Below is a collection of quotations concerning the German attack on Poland in September 1939. Not all quotes are from 01 September, but they reference the events that began that day.
You and your men must have plenty to do now. I just can’t grasp that people’s lives are now under constant threat from other people. I’ll never understand it, and I find it terrible. Don’t go telling me it’s for the Fatherland’s sake.
Sophie Scholl to Fritz Hartnagel, 05 September 1939, in At the Heart of the White Rose: Letters and Diaries of Hans and Sophie Scholl (US, UK, CA, DE [eng], DE [deu]).
Finis Germaniae
Admiral Wilhelm Canaris, upon hearing that the final order for “Operation White”, the attack on Poland, had been given by Hitler. In An Honourable Defeat: A History of German Resistance to Hitler, 1933-1945, by Anton Gill. (US, UK, CA, DE [eng])
The inhabitants are an unbelievable rabble, very many Jews and very much mixed population. A people which surely is only comfortable under the knout. The thousands of prisoners-of-war will be good for our agriculture. In Germany they will surely be useful, industrious, willing and frugal.

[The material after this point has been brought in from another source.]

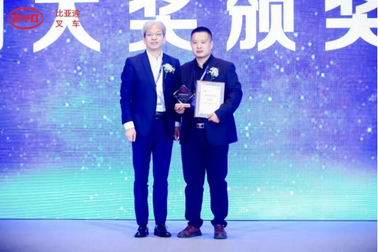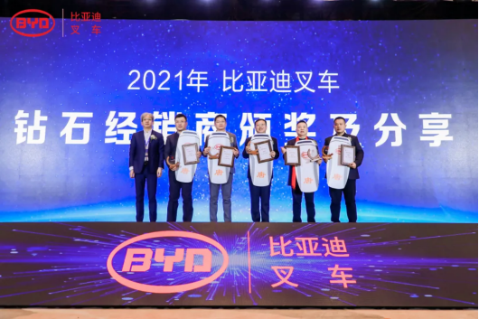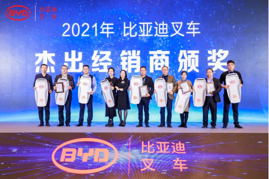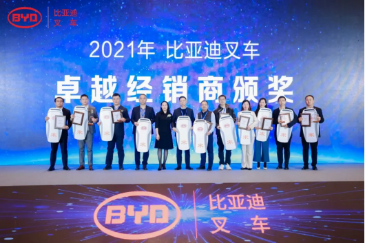 大会同时颁发了创新营销大奖、F系列推广大奖、卓越经销商奖、杰出经销商奖项,也对在2021年销售业绩较为突出的优秀经销商进行了奖励,以感谢他们对比亚迪叉车发展做出的贡献。
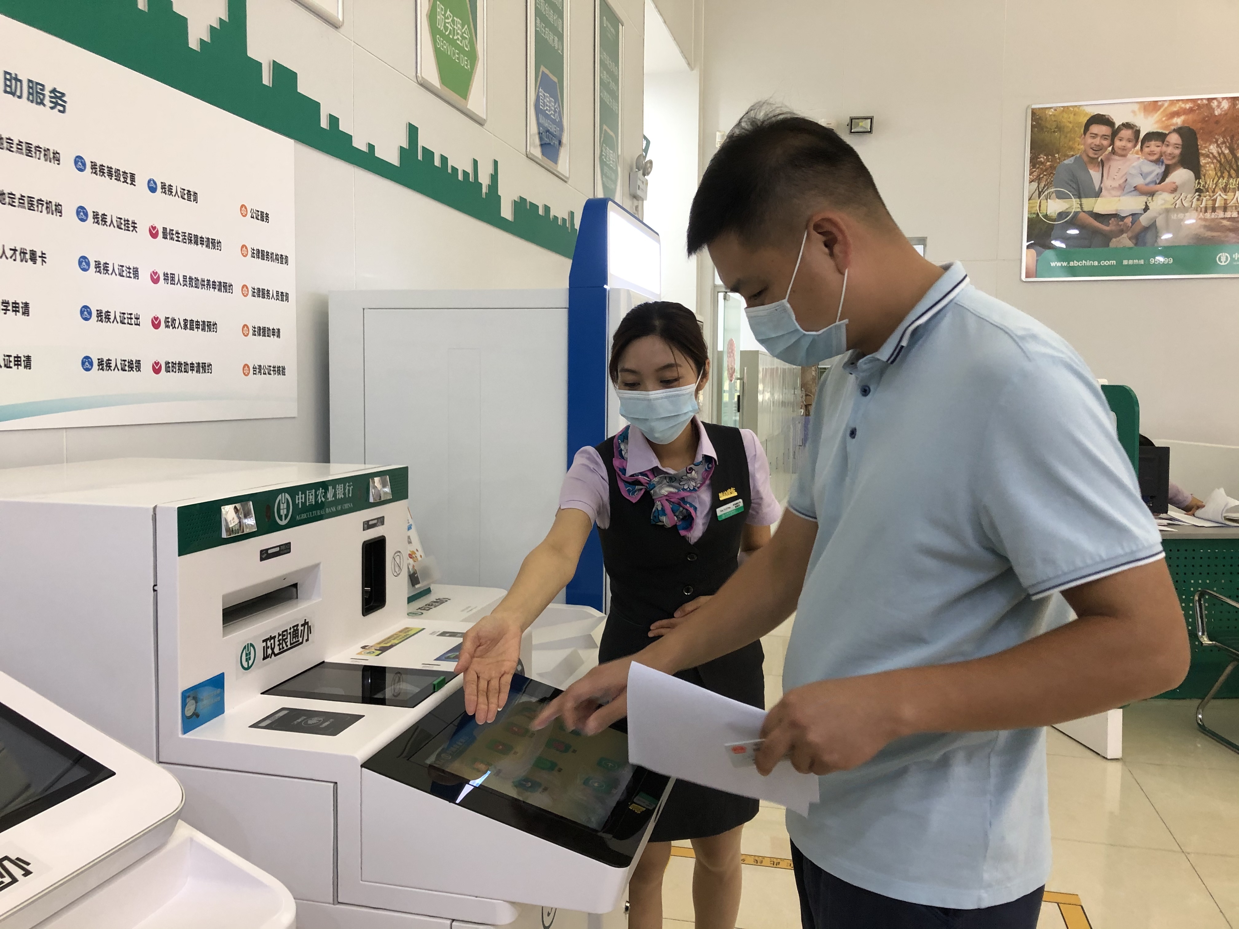 “刚刚查询社保缴费记录,顺便补了卡,前后不到10分钟。”7月17日,江门市民吴晓敏来到中国农业银行江门分行(下称“江门农行”)胜利支行营业部,体验了该行不久前开通的“政银通办”服务。

Claus von Stauffenberg, reporting from his service in Poland. Here we see a Stauffenberg clearly not yet committed to resistance. From Stauffenberg: A Family History, 1905-1944, p. 115.
Later:
I do not have the impression that our friends the Bolsheviks are using kid-gloves. This war is truly a scourge of God for the entire Polish upper class. They ran from us eastward. We are not letting anyone except ethnic Germans cross the Vistula westward. The Russians will likely make short work of them, since, as is well known by now, the real danger is only in the nationalistic Polish upper class who naturally feel superior to the Russians. Many of them will go to Siberia. [ibid.]
On 1 September 1939 there were no scenes of enthusiasm, no cheering crowds in Berlin like those in Munich in which Hitler had heard the news of the declaration of war twenty-five years before. When he drove to address the Reichstag at the Kroll Opera House at 10 a.m., the streets were emptier than usual. Most of those who turned to watch the line of cars accompanying the Führer stared in silence.
Allan Bullock, Hitler: A Study in Tyranny, p. 547. (US, UK, CA, DE [eng], DE [deu])
I am asking of no German man more than I myself was ready to do throughout four years. There will be no hardships for Germans to which I myself will not submit. My whole life belongs henceforth more than ever to my people. I am from now on just the first soldier of the German Reich. I have once more put on that coat that was the most sacred and dear to me. I will not take it off again until victory is secured, or I will not survive the outcome.
Adolf Hitler quoted in Bullock, p. 547.
Question: You believe then that Hitler did not realize in September 1939 that he had started a World War?
Albert Speer: From what I observed, I had to assume that this was not his intention. He intended to carry his plans one step further, as with Czechoslovakia.
…
On the other hand, there is this consideration. From the standpoint of the balance of military power, 1939 must have been the best year to start a war, better than two or three years later.
Albert Speer responding to questions under interrogation. From Richard Overy, Interrogations: The Nazi Elite in Allied Hands, 1945, p. 331.